Work instructions: From the records below, print exactly the lines starting at the one containing "4、最后,在游戏内使用操纵杆控制飞机,完成各种任务目标,体验空战乐趣。" and ending at the one containing "WHITE GOLD PLATED", ends included, and nothing else.

Provided records:
<<<<
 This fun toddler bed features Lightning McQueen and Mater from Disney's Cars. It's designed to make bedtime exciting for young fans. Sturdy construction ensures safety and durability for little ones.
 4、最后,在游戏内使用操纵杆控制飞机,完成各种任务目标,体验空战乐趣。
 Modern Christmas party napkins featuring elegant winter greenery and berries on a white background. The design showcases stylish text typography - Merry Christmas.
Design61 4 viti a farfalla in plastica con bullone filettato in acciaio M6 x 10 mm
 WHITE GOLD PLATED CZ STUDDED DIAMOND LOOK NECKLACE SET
>>>>
<<<<
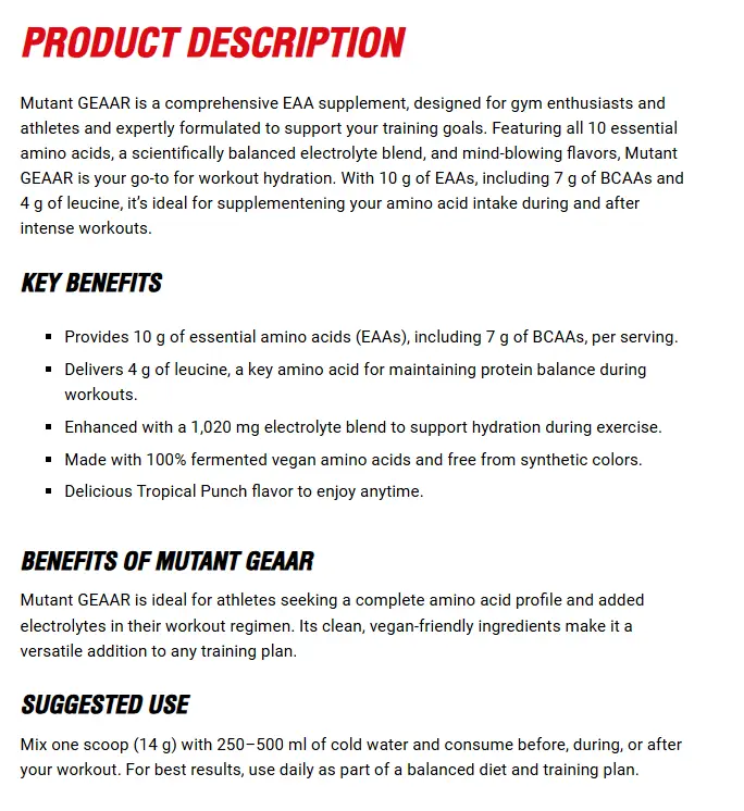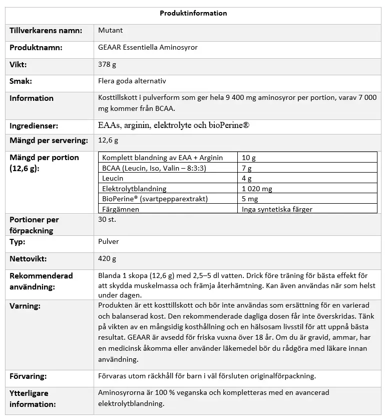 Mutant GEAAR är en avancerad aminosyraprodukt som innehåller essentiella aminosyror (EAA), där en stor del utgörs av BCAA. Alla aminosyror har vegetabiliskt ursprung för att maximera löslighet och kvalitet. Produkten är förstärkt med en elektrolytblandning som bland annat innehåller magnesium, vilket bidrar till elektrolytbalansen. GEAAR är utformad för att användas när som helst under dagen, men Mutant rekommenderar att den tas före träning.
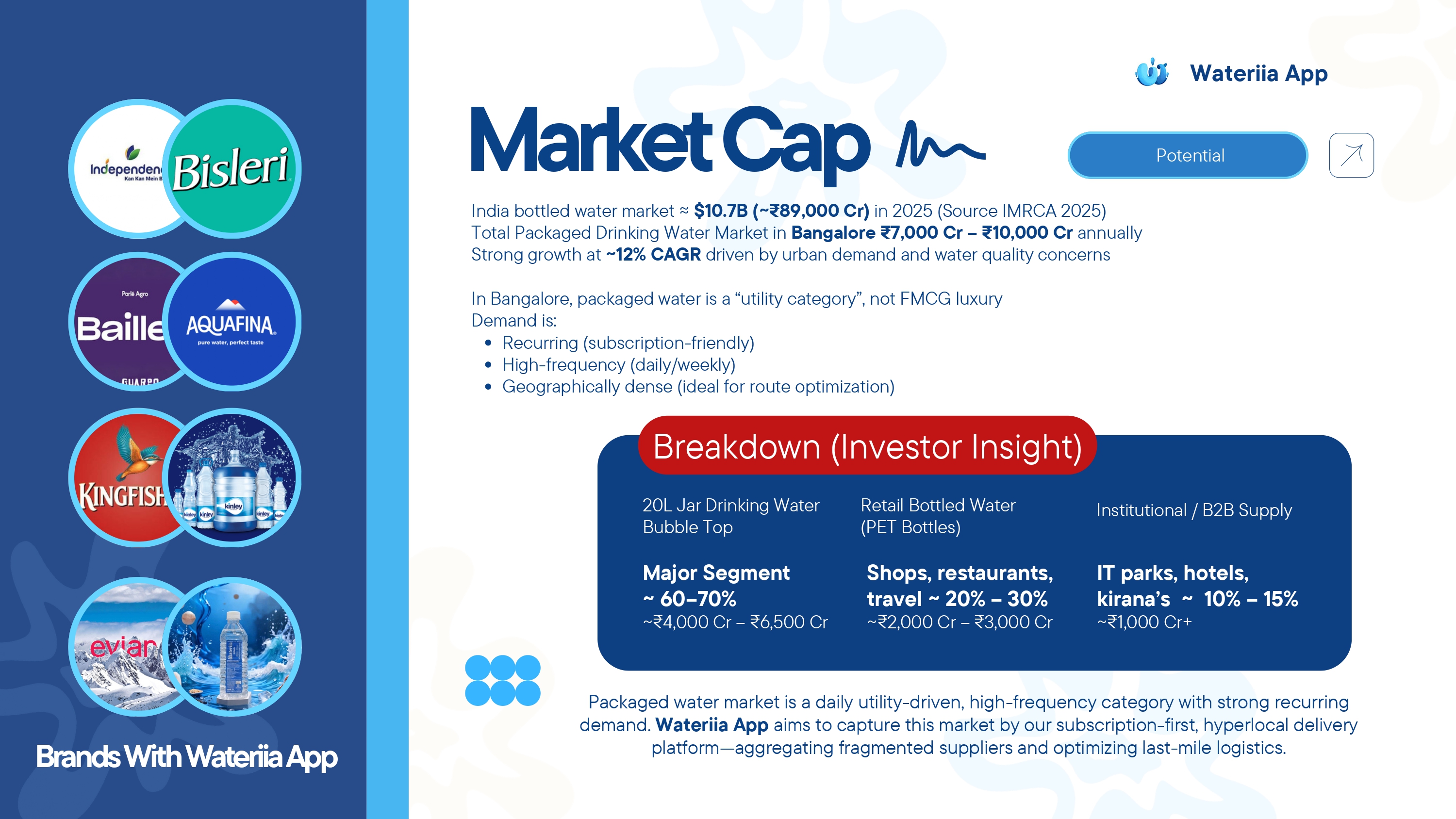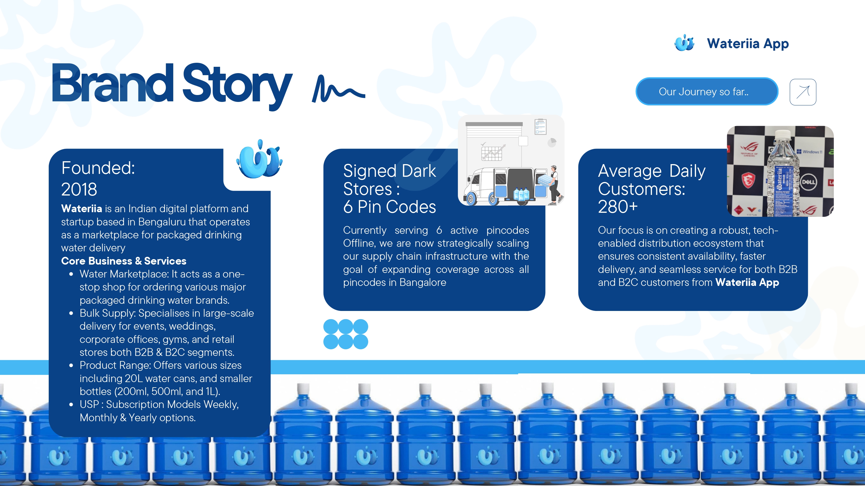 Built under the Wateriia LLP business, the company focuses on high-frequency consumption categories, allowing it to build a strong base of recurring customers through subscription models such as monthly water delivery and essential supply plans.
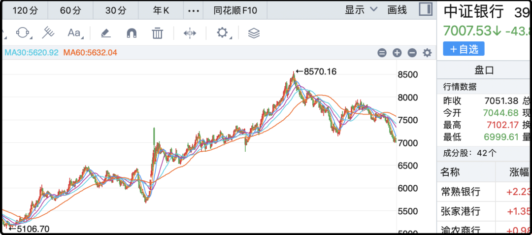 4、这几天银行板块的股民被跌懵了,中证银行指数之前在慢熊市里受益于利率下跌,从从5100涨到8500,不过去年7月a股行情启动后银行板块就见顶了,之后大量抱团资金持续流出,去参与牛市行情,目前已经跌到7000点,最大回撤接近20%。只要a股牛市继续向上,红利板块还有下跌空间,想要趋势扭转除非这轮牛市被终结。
>>>>
<<<<
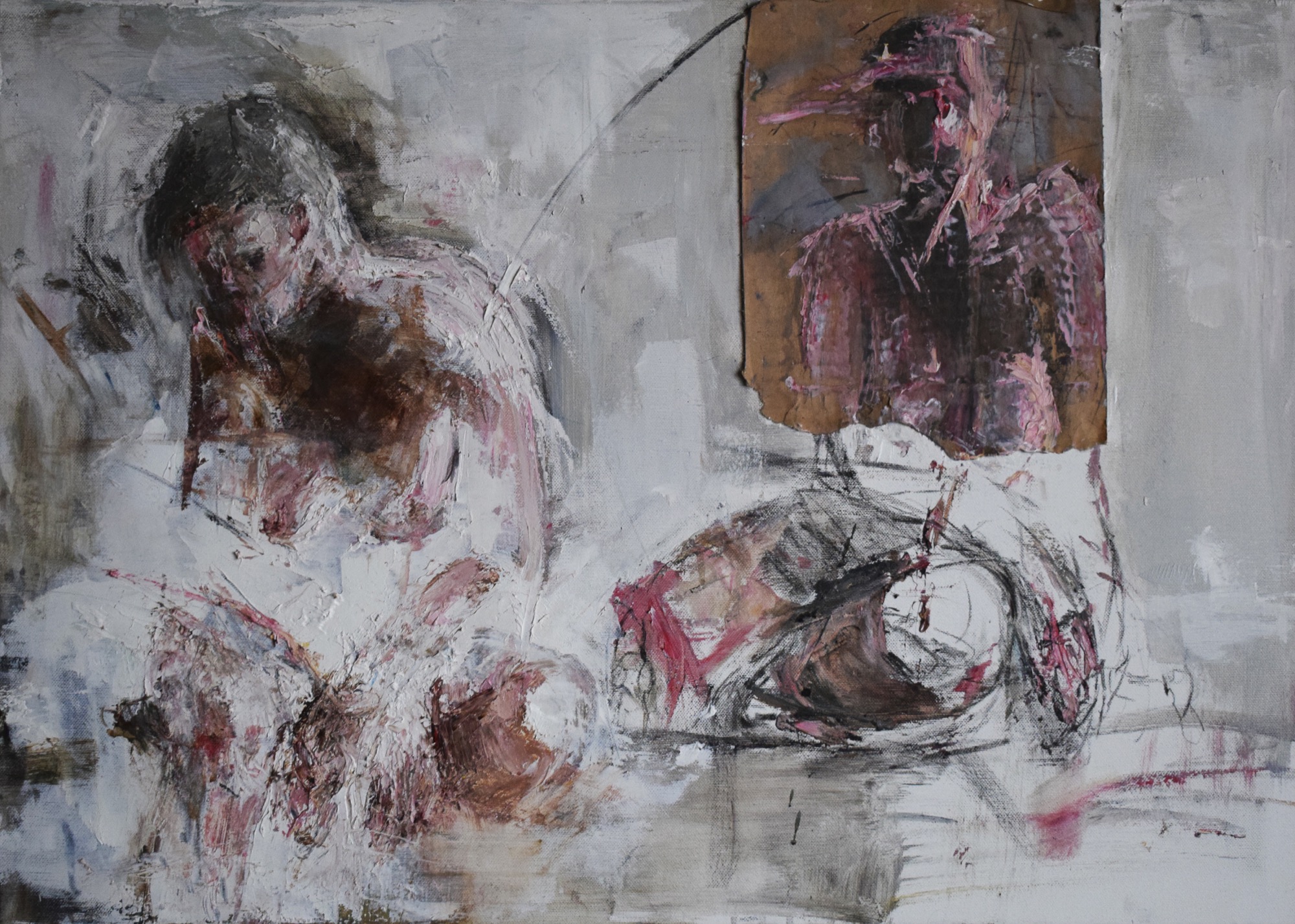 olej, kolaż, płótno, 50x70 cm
>>>>
Completed exercise:
 4、最后,在游戏内使用操纵杆控制飞机,完成各种任务目标,体验空战乐趣。
 Modern Christmas party napkins featuring elegant winter greenery and berries on a white background. The design showcases stylish text typography - Merry Christmas.
Design61 4 viti a farfalla in plastica con bullone filettato in acciaio M6 x 10 mm
 WHITE GOLD PLATED CZ STUDDED DIAMOND LOOK NECKLACE SET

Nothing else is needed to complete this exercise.